Funded by a number of public and private organizations, including the Barra Foundation, the Pennsylvania Humanities Council, Barnes and Noble Booksellers, and local banks and colleges, LLC’s mission is "to mobilize the resources of culture and history to undermine the appeal of organized hate groups and build stronger communities." The premise grew out of Holt’s scholarly background as a historian, author, and educator. Her intense passion for the past is due mostly to her years at Vassar.

"I learned at Vassar that history is a deeply ethical enterprise, " she says in a telephone interview. "We are studying history to be better humans ourselves," not just to know the facts.

By blending history, education, and entertainment, Holt saw an opportunity to defend the field she loved while helping to eradicate hate groups through LLC’s first anti-hate group initiative, Who Are You and What Do You Want?

The program aims to strengthen and rejuvenate established community organizations, such as schools, libraries, community coalitions, and churches, through intensive team- and trust-building workshops held in schools; public events such as festivals and presentations in the broader community; and Chautauqua performances held during a public event, in which trained scholars dramatically present historical figures such as abolitionist Frederick Douglass and first lady Eleanor Roosevelt.

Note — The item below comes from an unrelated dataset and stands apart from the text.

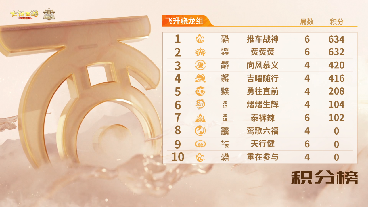 飞升骁龙组昨天的对战,由『相聚长安』服务器【烎烎烎】对阵『东胜神州』服务器【重在参与】,『与歌同行』服务器【向风慕义】对阵『莺歌燕舞』服务器【莺歌六福】,『东胜神州』服务器【推车战神】对阵『七十二变』服务器【天行健】,『2019』服务器【泰裤辣】对阵『2017』服务器【熠熠生辉】。
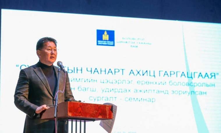 Монгол Улсын Ерөнхий сайд У.Хүрэлсүх Сүхбаатар аймагт ажиллах үеэрээ Боловсрол, шинжлэх ухааны яамнаас зохион байгуулж байгаа боловсролын салбарынхны сургалт-семинарт оролцлоо. Тэрээр энэ үеэр “монгол хүний зан чанар, хүмүүжил, үндэсний түүх, хэл, соёл, зан заншил, эх оронч сэтгэлгээ, өв уламж

During these performances each Chautauquan assumes the persona of a historical figure who discusses his or her life and times. After the initial presentation the scholar/actor answers questions from the audience, first in character and then as her or himself, employing scholarly expertise and relating the character’s life to modern times.

The format "links head and heart," suggests Holt, because the theatrical setting arouses emotion, and the scholarly aspect informs thinking. This "prepares you to act as a citizen because your learning has been linked to your feeling."

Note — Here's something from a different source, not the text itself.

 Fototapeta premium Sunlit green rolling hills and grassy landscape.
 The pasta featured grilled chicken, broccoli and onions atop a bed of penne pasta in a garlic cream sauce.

Head and heart are also linked through the school program portion of Who Are You and What Do You Want? At Muhlenberg High School in Berks County, for example, 90 students participated in a week’s worth of workshops, exploring their own identities and those of their classmates by designing masks, interacting through role-playing, and discussing issues of inclusion, exclusion, and boundaries.

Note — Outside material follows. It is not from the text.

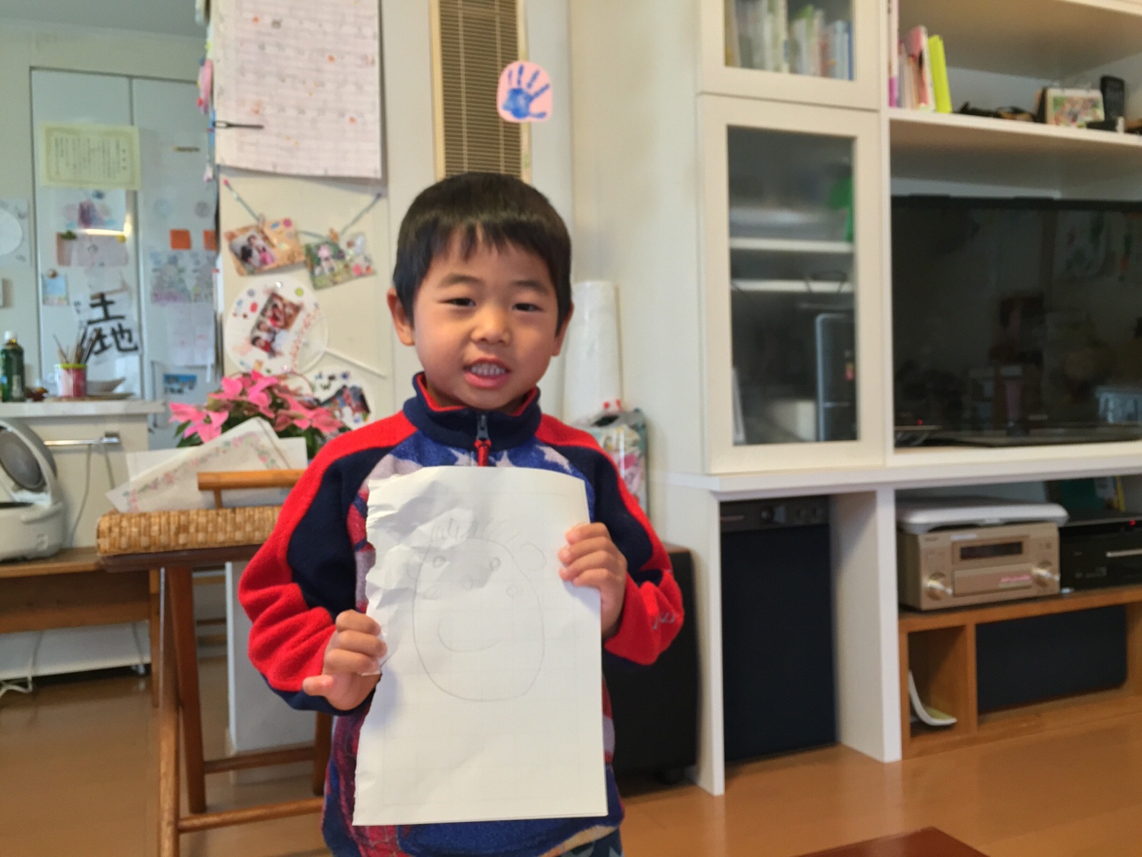 うみくんがひでおじさんの似顔絵を書いてくれました。 そっくり。 masukawa

The program was a "resounding success," says Holt, citing teacher’s reports that the tone of life in the school’s hallways had become more neighborly and that a parent had "expressed relief at having found an ally in the school in combating racial sentiments in her family," said Holt.

Since its inception, the organization has created nine Chautauqua programs and three youth programs in four Pennsylvania counties. Holt’s dream is to create "a Socratic school [of citizenship] out there, roaming the streets."

Media coverage of the events has drawn attention to Living Legacy Chautauqua and created a demand for its initiatives. School leaders, wary of youthful violence in the wake of murderous assaults in public schools around the nation, have invited Holt to bring Who Are You? to their students.

Holt continues to explore ways of building a permanent institutional foundation for the work, so that she can meet the growing demand for programs. In March, she became Director of Publications and Programs at the Historical Society of Pennsylvania, where she has the responsibility of developing new opportunities for public outreach, some of which she hopes will be through LLC. In an e-mail to the VQ Holt explains, "I’m sorry to leave the Balch, but it has been the business of this project year, since July 2000, to find some secure base on which the organization can grow. Demand for programs keeps coming in, and I didn’t have the organizational strength to meet it. Now, I’m optimistic that the historical society can become such a base."

It’s a hefty job for Holt, who fills all roles in the organization–project director, network builder, fundraiser, market strategist–and attends every event. But the Phi Beta Kappa Vassar graduate, who holds a master’s of theological studies in religion and public policy from Harvard University Divinity School and a Ph.D. in American history from the University of Pennsylvania, doesn’t let the work faze her. "I love it," she says. "It feeds my soul."